Stored records:
*** Block opens ***

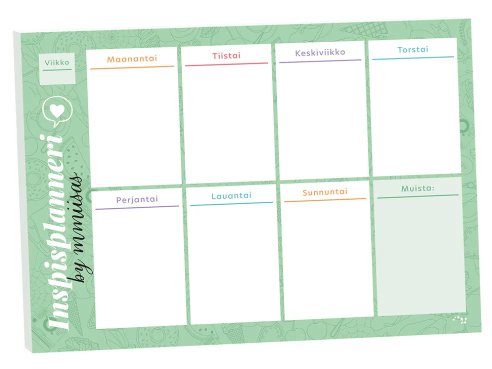 Suunnittele omat inspiroivat viikkosi! Repäisylehtiö, jossa on suunnitelmasivuja koko vuoden tarpeeseen ja ylikin.
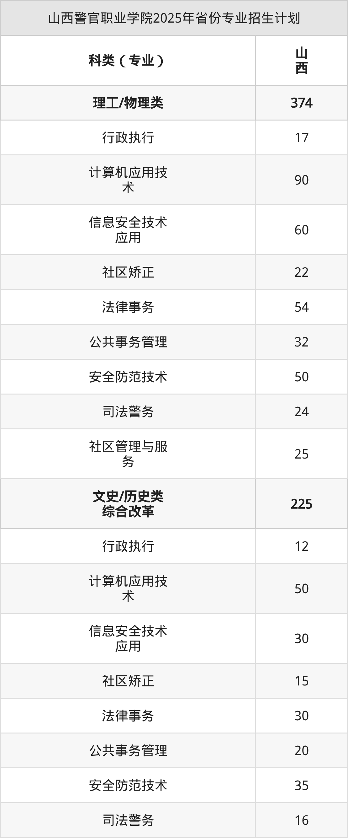 2026年山西警官职业学院专科招生计划待公布,下面附上2025年数据,暂供参考:
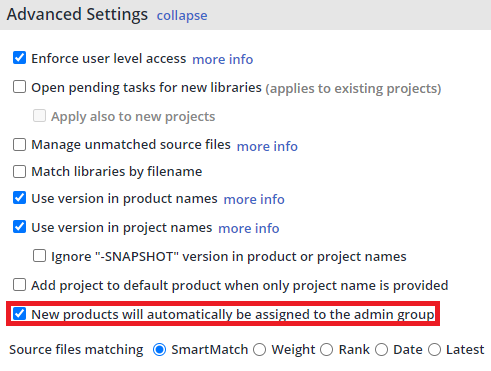 Mend Legacy SCA has a setting that will assign new products to the Organization Admin group. This allows for products created by a Mend Integration to not be accessed by users until the proper group is assigned later either manually or via API allowing for greater access control.
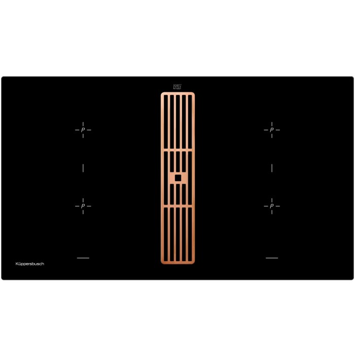 Индукционная варочная панель с вытяжкой Kuppersbusch KMI 9850.0 SR Copper - это высококачественное устройство, произведенное в Германии. Это устройство сочетает в себе инновационные технологии и стильный дизайн, обеспечивая высокую производительность и комфорт в использовании. Панель выполнена в черном цвете и имеет стеклокерамическую поверхность, что придает ей элегантный и современный вид. Одной из особенностей данной модели является наличие встроенной вытяжки, которая обеспечивает быстрое и эффективное удаление запахов и пара во время приготовления пищи. Электронное управление с поворотными переключателями, что делает ее использование удобным и простым.
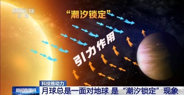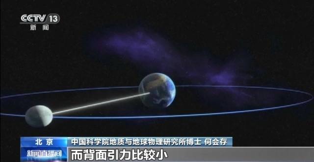 中國科學院地質與地球物理研究所博士 何會存:歷史上並不是這樣的,並不是月球始終只有一面朝向地球,地球和月球在形成之初,地球對月球的吸引力,就是距離地球近的這一面的引力比較大,而背面引力比較小,就會導致月球有一個形變,在旋轉過程中月球其實並不是一個正圓,它被拉長了,這個旋轉過程就不是很穩定。
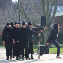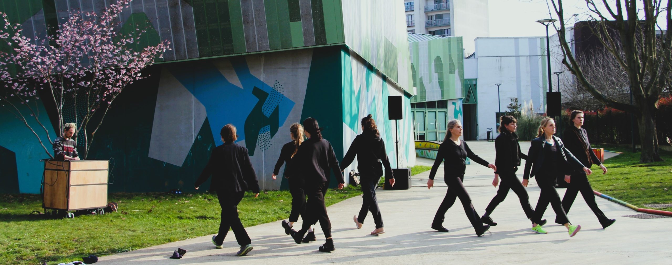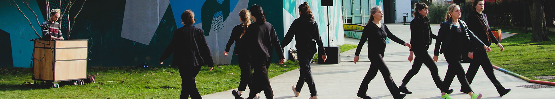Parce que les femmes doivent défendre leur liberté d’agir jusque dans l’espace public, la compagnie inEX- s’empare de la rue, avec Le Bal des Filles, un chœur de marche pour huit femmes, soutenu par une puissante musique électro mixée en direct.

*** Block closes ***

Set down word for word the lines above from the one with "2026年山西警官职业学院专" up to and including the one with "Индукционная варочная панель". Omit every picture.

- EXERCISE ANSWER:
 2026年山西警官职业学院专科招生计划待公布,下面附上2025年数据,暂供参考:
 Mend Legacy SCA has a setting that will assign new products to the Organization Admin group. This allows for products created by a Mend Integration to not be accessed by users until the proper group is assigned later either manually or via API allowing for greater access control.
 Индукционная варочная панель с вытяжкой Kuppersbusch KMI 9850.0 SR Copper - это высококачественное устройство, произведенное в Германии. Это устройство сочетает в себе инновационные технологии и стильный дизайн, обеспечивая высокую производительность и комфорт в использовании. Панель выполнена в черном цвете и имеет стеклокерамическую поверхность, что придает ей элегантный и современный вид. Одной из особенностей данной модели является наличие встроенной вытяжки, которая обеспечивает быстрое и эффективное удаление запахов и пара во время приготовления пищи. Электронное управление с поворотными переключателями, что делает ее использование удобным и простым.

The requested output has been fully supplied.